Amyotrophic lateral sclerosis (ALS) is a progressive motor neuron disease with no effective treatment to cure, halt or reverse disease advancement. ALS can impact a person’s ability to speak, eat, move, and breathe. Malnutrition is a common complication of ALS and is associated with reduced survival time. The objective of this review is to discuss the nutritional implications of ALS and supportive strategies.
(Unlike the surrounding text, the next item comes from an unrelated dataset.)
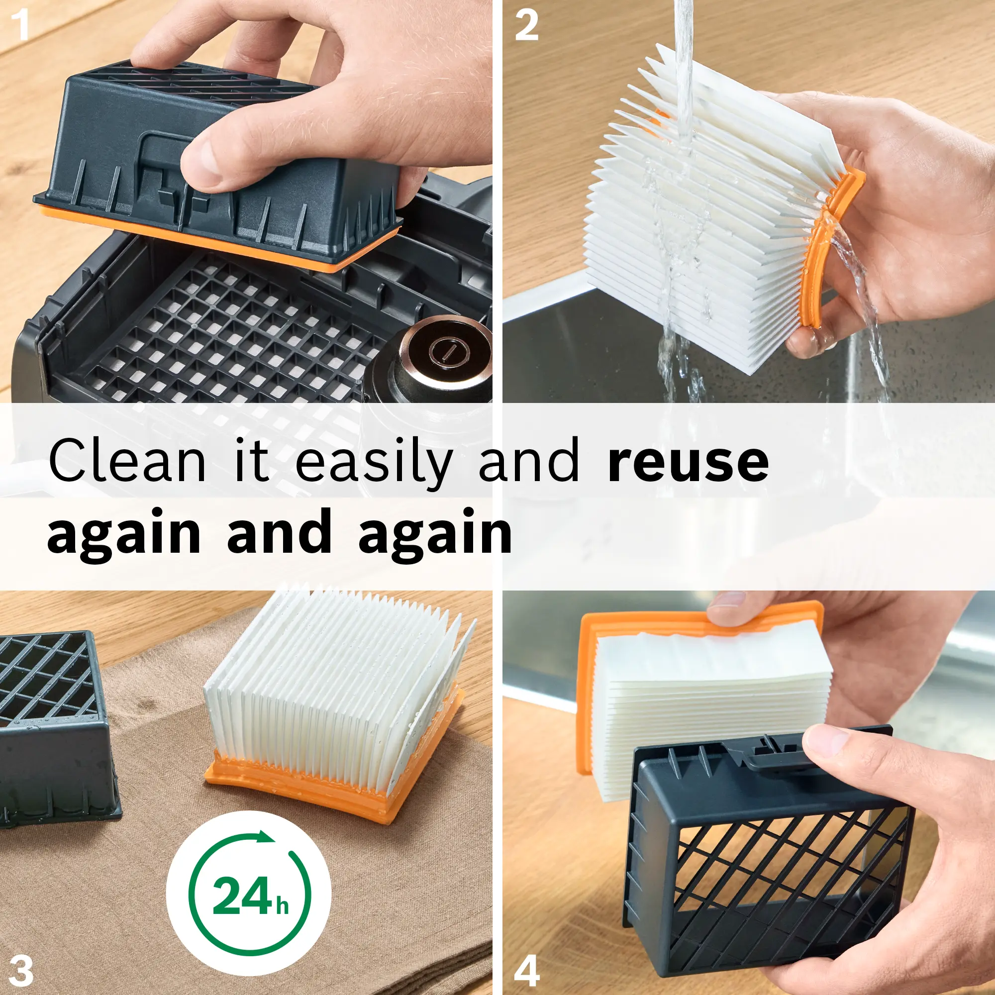 Filter :HEPA hygienic filter, Washable filters

Amyotrophic lateral sclerosis (ALS) is a progressive motor neuron disease with no effective treatment to cure, halt, or reverse disease advancement. Also known as Lou Gehrig’s disease, ALS is characterized by the gradual loss of voluntary muscle movement. Depending on disease progression, a person with ALS (PALS) may lose their ability to speak, eat, move, and, eventually, breathe. The average life expectancy after diagnosis is 2-5 years.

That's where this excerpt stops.